- Born: July 28, 1942 Riga
- Died: June 26, 2016 (aged 73) Riga

Academic background
- Alma mater: London School of Economics

Academic work
- Discipline: Economic theory, International economics, Transport Economics
- Institutions: Queen Mary University of London, EuroFaculty, Stockholm School of Economics in Riga
- Website: Information at IDEAS / RePEc;

= Alf Vanags =

Latvian economist (1942-2016)

Alf Vanags (Alfreds Helmuts Vanags) was a Latvian-British economist who played a critical role in restoring economic sciences in Latvia after the country regained its independence from the Soviet Union in 1991. In 2001, Vanags founded the Baltic International Centre for Economic Policy Studies (BICEPS), an independent economics think tank in Riga.
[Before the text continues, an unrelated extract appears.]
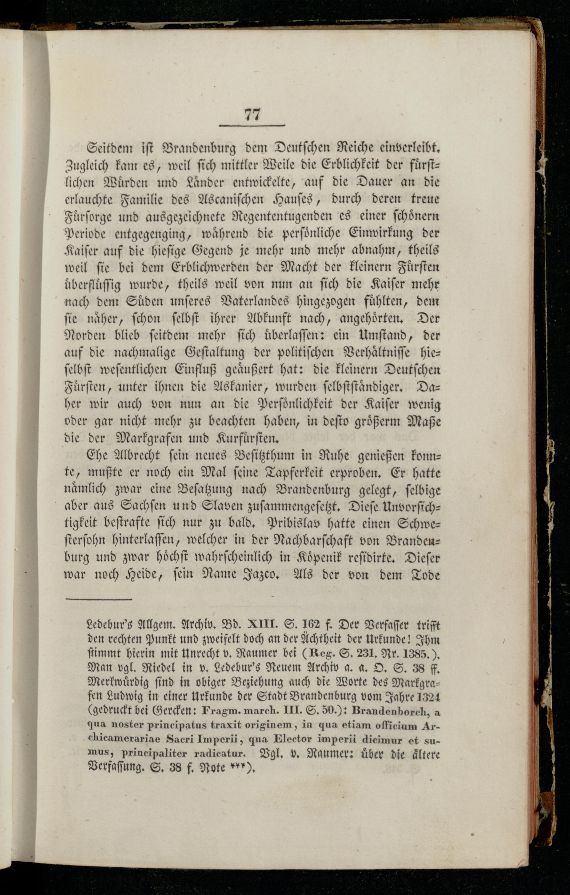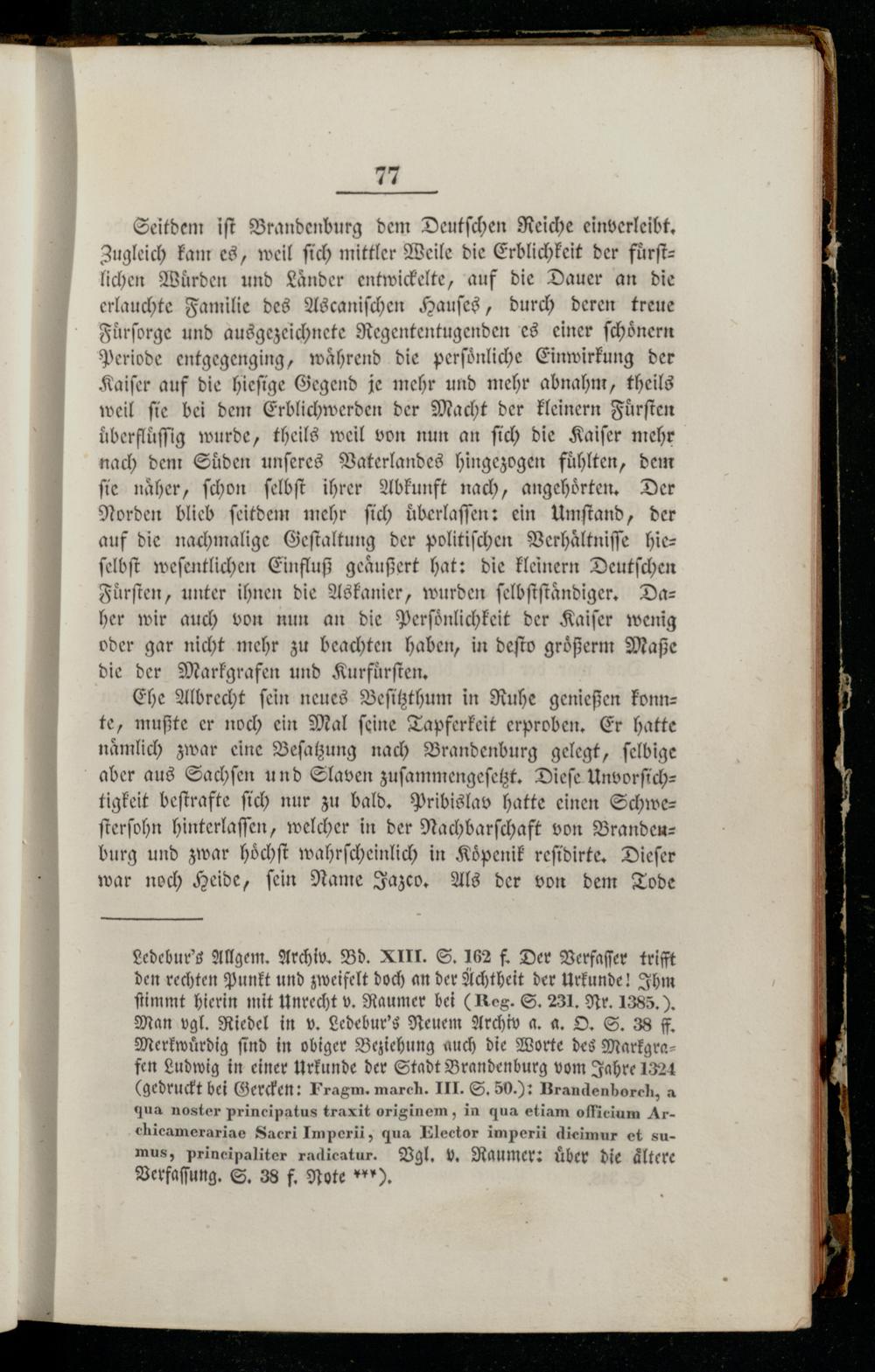 Seitdem iſt Brandenburg dem Deutſchen Reiche einverleibt. Zugleich kam es, weil ſich mittler Weile die Erblichkeit der fuͤrſtlichen Würden und Länder entwickelte, auf die Dauer an die erlauchte Familie des Ascaniſchen Hauſes, durch deren treue Fuͤrſorge und ausgezeichnete Regententugenden es einer ſchoͤnern Periode entgegenging, während die perſoͤnliche Einwirkung der Kaiſer auf die hieſige Gegend je mehr und mehr abnahm, theils weil fie bei dem Erblichwerden der Macht der kleinern Fuͤrſten überfluͤſſig wurde, theils weil von nun an ſich die Kaiſer mehr nach dem Suͤden unſeres Vaterlandes hingezogen fuͤhlten, dem ſie naͤher, ſchon ſelbſt ihrer Abkunft nach, angehoͤrten. Der Norden blieb ſeitdem mehr ſich uͤberlaſſen: ein Umſtand, der auf die nachmalige Geſtaltung der politiſchen Verhaͤltniſſe hie— ſelbſt weſentlichen Einfluß geaͤußert hat: die kleinern Deutſchen Fuͤrſten, unter ihnen die Askanier, wurden ſelbſtſtaͤndiger. Da— her wir auch von nun an die Perſoͤnlichkeit der Kaiſer wenig oder gar nicht mehr zu beachten haben, in deſto groͤßerm Maße die der Markgrafen und Kurfuͤrſten.

Established in collaboration with the Stockholm Institute of Transition Economics, its purpose was to contribute to the renewal of the economics profession in the Baltic states and attract returning PhDs to the region. Vanags also served as the founding editor of the Baltic Journal of Economics, one of prime journals in economic sciences published in Northern Europe.

== Biography ==

Born in German-occupied Riga in 1942, Vanags grew up and received his education in London, where his parents settled after leaving Latvia as refugees in 1944. After graduating from the London School of Economics, he started his academic career at Queen Mary University of London and University of Wollongong in Australia.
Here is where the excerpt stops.